PORTAGE, MI — Drive-thru marijuana dispensaries are now permitted in the city of Portage.
The city of Portage made four changes to its municipal marijuana code, following a 6-1 vote from the city council at its Tuesday, May 23 meeting. Only councilmember Terry Urban voted against the changes.
Among the changes, none were bigger than allowing for drive-thru dispensaries within the city limits. One other change had to do with regulations permitting to the newly-allowed drive-thrus, while the other two changes banned outdoor, commercial grow operations and changed the spelling of marijuana from marihuana in the city code.
While the changes within city code align with new standards as it pertains to drive-thrus, the city went against the grain with its decision to ban outdoor, commercial grow operations.
Related: Portage could allow drive-thru marijuana businesses, ban outdoor grows
The city, at present, has just one grow operation, which is an indoor-only operation. The city had no pending applications or previously approved applications for any other grow facilities at the time the changes were introduced to the city’s planning commission on April 6, senior city planner Eric Feldt said at the time.
Thus, no existing businesses were being affected by any change, Feldt said. Staff proposed the change in order to better attract future industrial growth and employment for its large tracts of vacant land located within its industrial districts, he said.
As far as drive-thrus are concerned, the state began to allow drive-thru dispensaries during the COVID pandemic to promote contactless or limited contact transactions.

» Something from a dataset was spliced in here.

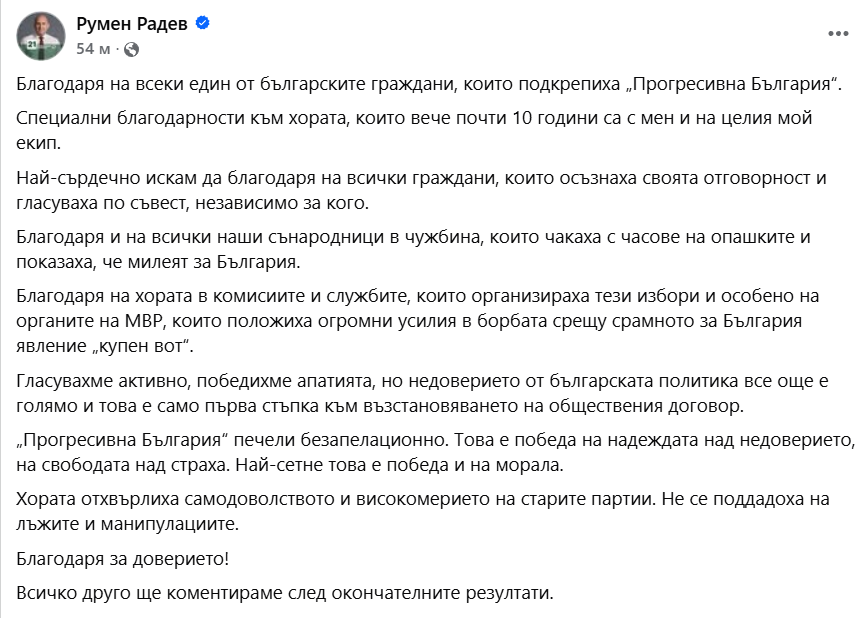 "Благодаря на всеки един от българските граждани, които подкрепиха "Прогресивна България". Специални благодарности към хората, които вече почти 10 години са с мен и на целия мой екип. Най-сърдечно искам да благодаря на всички граждани, които осъзнаха своята отговорност и гласуваха по съвест, независимо за кого. Благодаря и на всички наши сънародници в чужбина, които чакаха с часове на опашките и показаха, че милеят за България. Благодаря на хората в комисиите и службите, които организираха тези избори и особено на органите на МВР, които положиха огромни усилия в борбата срещу срамното за България явление "купен вот"," пише още Радев.

In 2022, the state made the decision to permanently allow them.
However, it remained up to individual municipalities, if they wished to align their local codes once the state made its change.

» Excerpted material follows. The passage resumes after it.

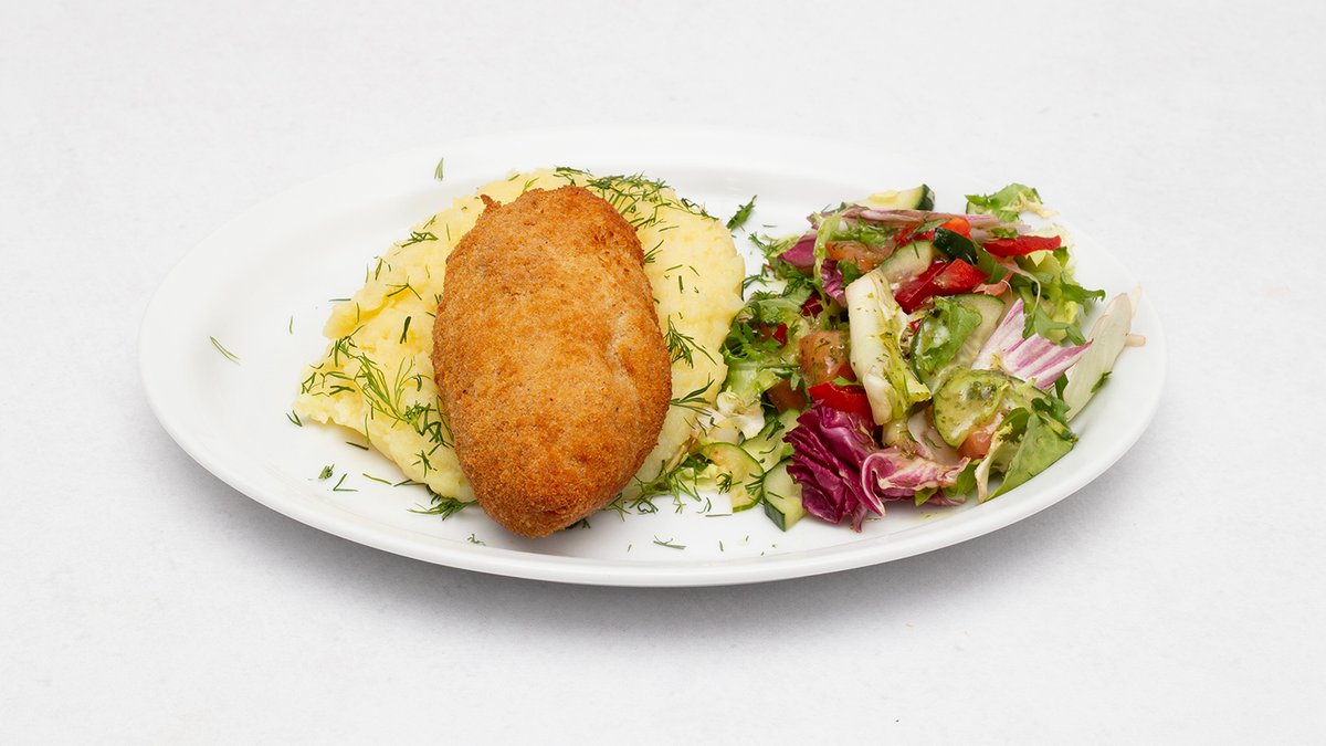 Z masełkiem ziołowym i serem, podawany z ziemniakami i lekką sałatką

City spokesperson Mary Beth Block explained in an email this April to MLive/Kalamazoo Gazette that as a result of the state permitting drive-thru marijuana businesses during COVID, Lake Effect and other dispensaries in the community made the decision to install drive-thru windows.
Once the impacts of the pandemic began to subside, the city then “directed all dispensaries to cease any drive-thru operations unless and until the proposed ordinance revisions (were) enacted by the city council,” she said.

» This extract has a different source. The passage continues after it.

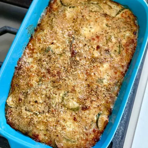 Allow the zucchini bake to cool for about 10 minutes before slicing. This helps it set so it doesn’t fall apart. If you want to add an extra cheesy topping or a drizzle of olive oil, do that while it’s still warm. It makes all the flavors meld and adds a pretty shine. I love drizzling a little balsamic glaze over the top if I’m feeling fancy—or just serve it plain alongside some fresh salad.
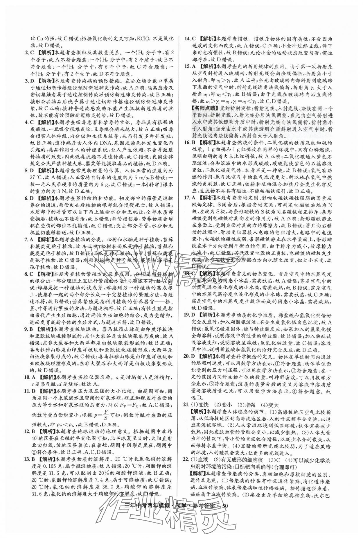 注:目前有些书本章节名称可能整理的还不是很完善,但都是按照顺序排列的,请同学们按照顺序仔细查找。练习册 2024年3年中考2年模拟科学中考浙江专版 答案主要是用来给同学们做完题方便对答案用的,请勿直接抄袭。

Prior to Tuesday’s vote, James Brayton and Kimm Owsiany, co-owners of Green Eden recreational cannabis business, both addressed council. They stated that they were disappointed in the drive-thru ban.
Brayton is the brother-in-law of councilmember Lisa Brayton, who voted in favor of the changes.
Comparing it to curbside pickup, Owsiany said it is much safer for employees to be behind a window, under a camera, when dealing with customers than approaching a vehicle in a parking lot.
The couple said they had heard from numerous patrons, many who were handicapped, that they were discouraged by the lack of convenience by having to go into the store to purchase their product after the city began enforcing its pre-pandemic ordinance.
At a prior city council meeting in April, Urban said that he was not in favor of making it easier for customers to access marijuana and expressed concerns over minors potentially being in a customer’s car when there were no restrictions put in place by the state’s cannabis regulatory agency to deal with that.
“There has been concern about children in the car going through a marijuana drive-thru but I don’t hear any concerns about children in a car going through a drive-thru picking up prescription drugs that are addictive for children, so I think we are kind of grasping at straws,” said Mayor Pro Tem Jim Pearson at the time.
Moving forward, with drive-thrus now allowed for adult-use recreational, medical provisioning centers and microbusinesses that grow, process and sell in a single location, any marijuana business desiring to operate a drive-thru will still need to apply for a drive-thru permit and be located within a zoned B-3 district.
The city currently has 10 dispensaries, and at least two of them have expressed interest in operating a drive-thru, Feldt said.